Drop all images and give the records again exactly.

[[ Extracted information, beginning ]]

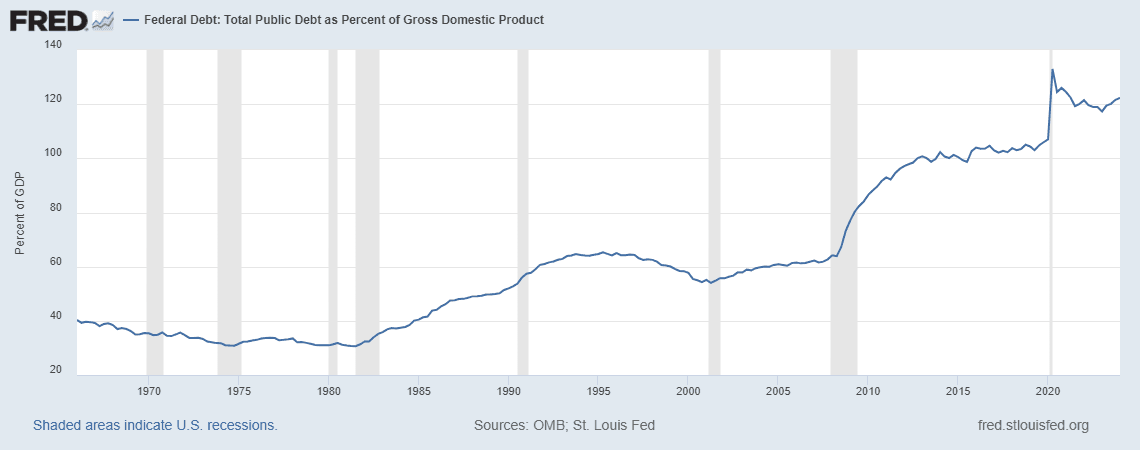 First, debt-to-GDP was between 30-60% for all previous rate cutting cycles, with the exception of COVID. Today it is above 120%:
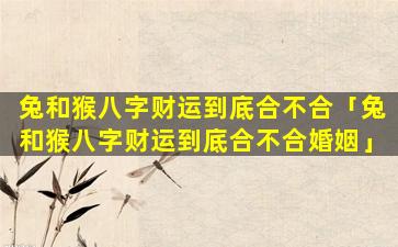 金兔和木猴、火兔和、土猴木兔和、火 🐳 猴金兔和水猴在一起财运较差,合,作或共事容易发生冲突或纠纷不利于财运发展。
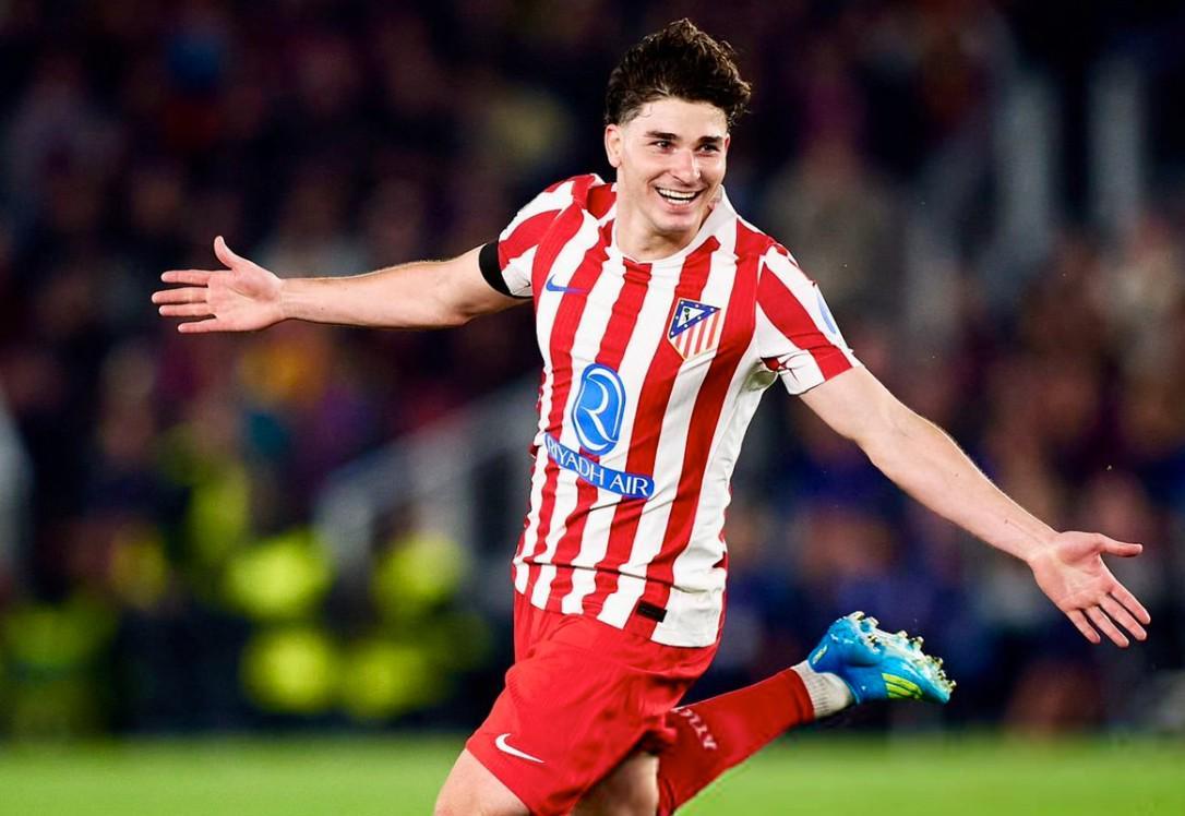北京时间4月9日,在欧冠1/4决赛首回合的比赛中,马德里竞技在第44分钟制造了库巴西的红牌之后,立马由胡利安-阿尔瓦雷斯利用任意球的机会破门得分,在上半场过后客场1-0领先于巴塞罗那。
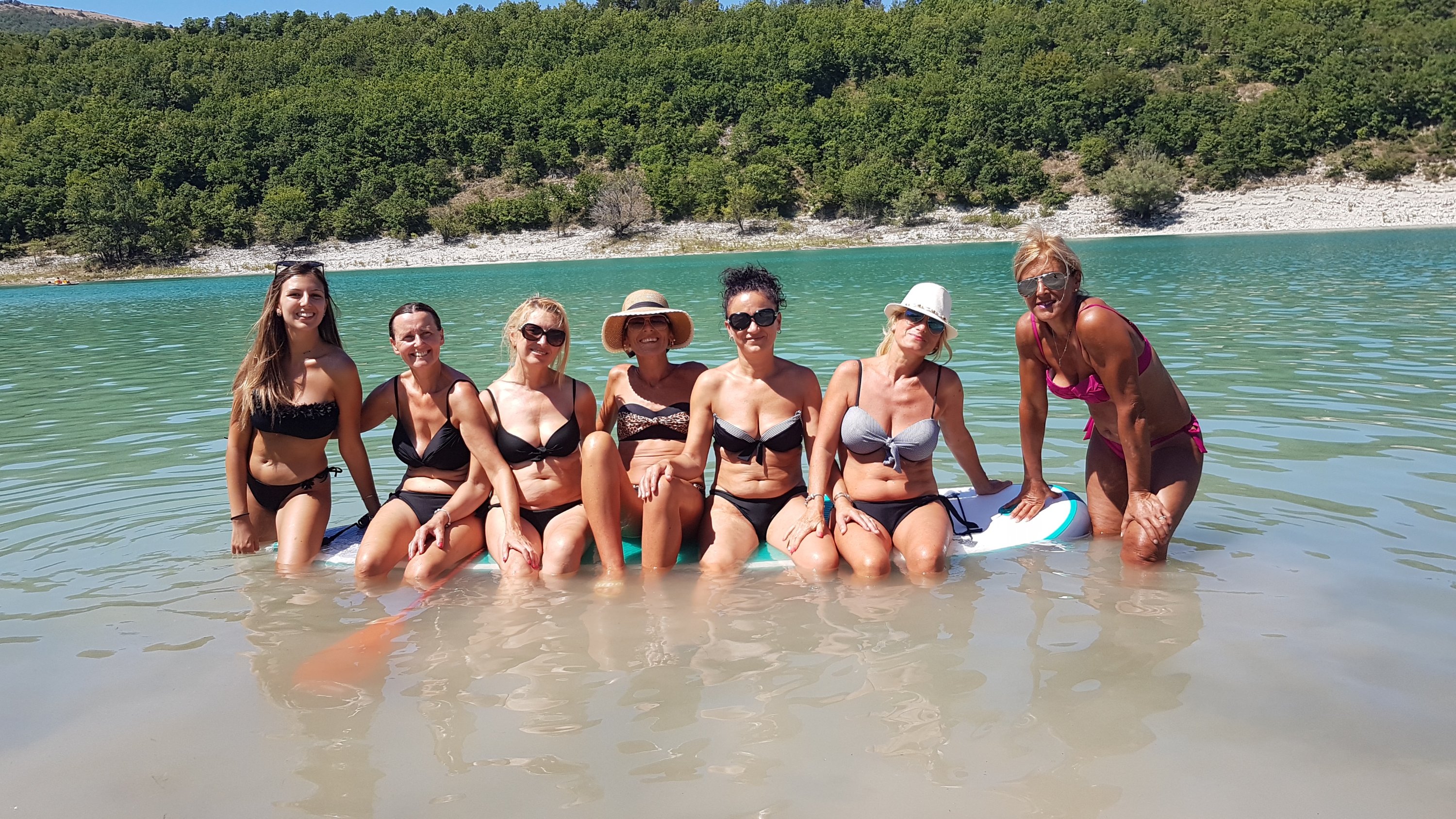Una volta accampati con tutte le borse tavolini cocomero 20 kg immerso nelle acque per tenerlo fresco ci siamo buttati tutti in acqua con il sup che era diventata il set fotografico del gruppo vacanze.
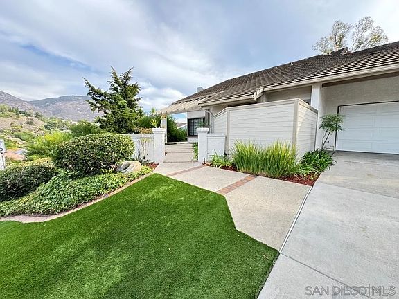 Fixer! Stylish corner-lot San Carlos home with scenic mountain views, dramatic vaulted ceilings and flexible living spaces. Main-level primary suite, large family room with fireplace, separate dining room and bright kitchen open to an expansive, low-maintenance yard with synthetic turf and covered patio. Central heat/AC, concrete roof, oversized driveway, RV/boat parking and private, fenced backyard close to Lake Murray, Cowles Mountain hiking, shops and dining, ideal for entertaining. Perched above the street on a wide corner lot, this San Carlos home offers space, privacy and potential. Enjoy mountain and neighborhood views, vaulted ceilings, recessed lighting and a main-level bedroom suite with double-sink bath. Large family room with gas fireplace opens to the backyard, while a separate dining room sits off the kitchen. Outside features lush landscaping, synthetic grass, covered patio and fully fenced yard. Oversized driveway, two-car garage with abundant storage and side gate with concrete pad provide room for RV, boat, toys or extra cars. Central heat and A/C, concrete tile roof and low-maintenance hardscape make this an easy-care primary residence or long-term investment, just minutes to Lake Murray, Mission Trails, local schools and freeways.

[[ Extracted information, end ]]

Completed task:
 First, debt-to-GDP was between 30-60% for all previous rate cutting cycles, with the exception of COVID. Today it is above 120%:
 金兔和木猴、火兔和、土猴木兔和、火 🐳 猴金兔和水猴在一起财运较差,合,作或共事容易发生冲突或纠纷不利于财运发展。
北京时间4月9日,在欧冠1/4决赛首回合的比赛中,马德里竞技在第44分钟制造了库巴西的红牌之后,立马由胡利安-阿尔瓦雷斯利用任意球的机会破门得分,在上半场过后客场1-0领先于巴塞罗那。
Una volta accampati con tutte le borse tavolini cocomero 20 kg immerso nelle acque per tenerlo fresco ci siamo buttati tutti in acqua con il sup che era diventata il set fotografico del gruppo vacanze.
 Fixer! Stylish corner-lot San Carlos home with scenic mountain views, dramatic vaulted ceilings and flexible living spaces. Main-level primary suite, large family room with fireplace, separate dining room and bright kitchen open to an expansive, low-maintenance yard with synthetic turf and covered patio. Central heat/AC, concrete roof, oversized driveway, RV/boat parking and private, fenced backyard close to Lake Murray, Cowles Mountain hiking, shops and dining, ideal for entertaining. Perched above the street on a wide corner lot, this San Carlos home offers space, privacy and potential. Enjoy mountain and neighborhood views, vaulted ceilings, recessed lighting and a main-level bedroom suite with double-sink bath. Large family room with gas fireplace opens to the backyard, while a separate dining room sits off the kitchen. Outside features lush landscaping, synthetic grass, covered patio and fully fenced yard. Oversized driveway, two-car garage with abundant storage and side gate with concrete pad provide room for RV, boat, toys or extra cars. Central heat and A/C, concrete tile roof and low-maintenance hardscape make this an easy-care primary residence or long-term investment, just minutes to Lake Murray, Mission Trails, local schools and freeways.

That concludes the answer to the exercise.